Looking into the future

Earnest has successfully positioned themselves as a viable alternative to venture capital for founders who want to build healthy and sustainable businesses, without the expectation of raising further capital in the future. Tringas has worked hard to cultivate a founder-first culture at Earnest and has developed a strong fundraising model that allows founders to do what they do best, without having to worry about sourcing capital, which was the main reason why Tringas’ first startup failed.

Thus far, Earnest Capital has announced two investments publicly — HostiFi and Callingly — and have plans to invest in many more companies in the near future. These two investments caused Tyler to realize that the demand for a funding model for makers and bootstrappers is much higher than what he was prepared for.
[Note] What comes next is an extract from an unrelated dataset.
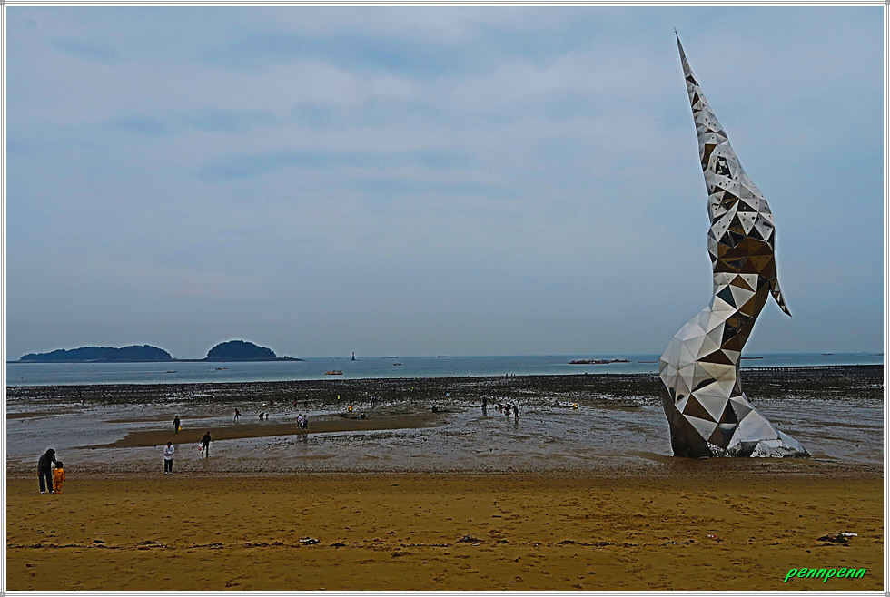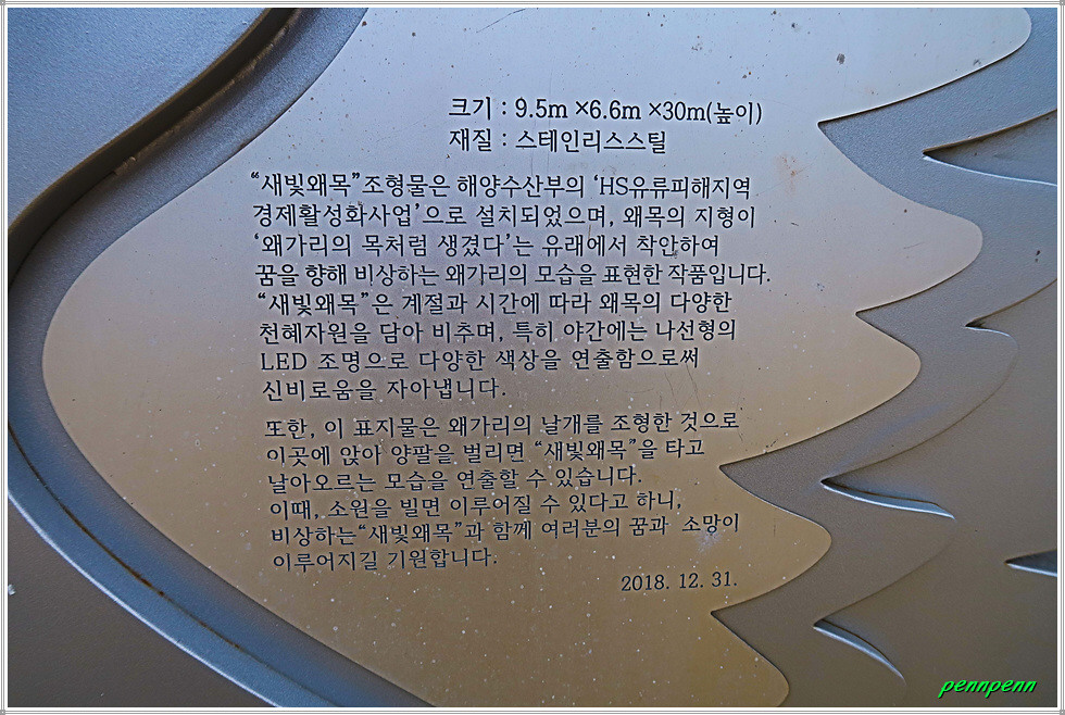 해변가로 가면 제일 먼저 방문객을 환영해주는 것은 하트조형물입니다. 해 뜨고 지는 왜목마을이라는 문구가 적혀 있군요. 하트조형물 뒤로 보이는 새 머리형상의 작품이 더욱 눈길을 끕니다. 바다 쪽으로 나가면 “새빛왜목”작품 설명서가 있는데 높이가 9.5m에 달하는 이 조형물은 “왜목의 지형이 왜가리의 목처럼 생겼다”는 유래에서 착안해 꿈을 향해 비상하는 왜가리의 모습을 표현한 작품입니다.

There is a large amount of ambitious founders around the world who are working on innovative and exiting projects, Tringas said, adding that there is most certainly room to grow based on the growing size of this new investing space.

As Earnest Capital continues to grow and invest in new bootstrapped founders, Tringas wants to move away from the perception that they are developing an alternative to venture capital. Earnest wants to find and become the new default way to fund entrepreneurs who are working on an interesting project and need capital to take it to the next level and turn it into a profitable and sustainable business. Indeed, an ambitious goal, but achievable based on the strong progress demonstrated by Earnest over the last few months.

Tringas sees Earnest moving away from the venture fund model which backs a small amount of startups, and hopes to develop a new system which essentially acts as a middle-ground between a bank which makes small business loans and a venture capital fund. This is because Tringas is focused on increasing the accessibility of capital to the point more than the traditional fund model could facilitate, and believes that the best way for the fund to invest in more companies would be to further deviate from the traditional VC structure.

“There are so many new businesses out there that are building something great and don’t have a partner that can provide capital, mentorship, and resources.”

Earnest are focused on making even more investments into passionate, early-stage founders, and are continuously making changes to their model based on feedback from the maker and bootstrapper community. Tringas sees strong potential in building a new default method of raising capital for founders, and believes that a community-first approach will help them differentiate themselves from other companies as the space grows. In the long-term Tringas wants to back hundreds, if not thousands of companies per year through Earnest Capital, and is dedicated to achieving this goal.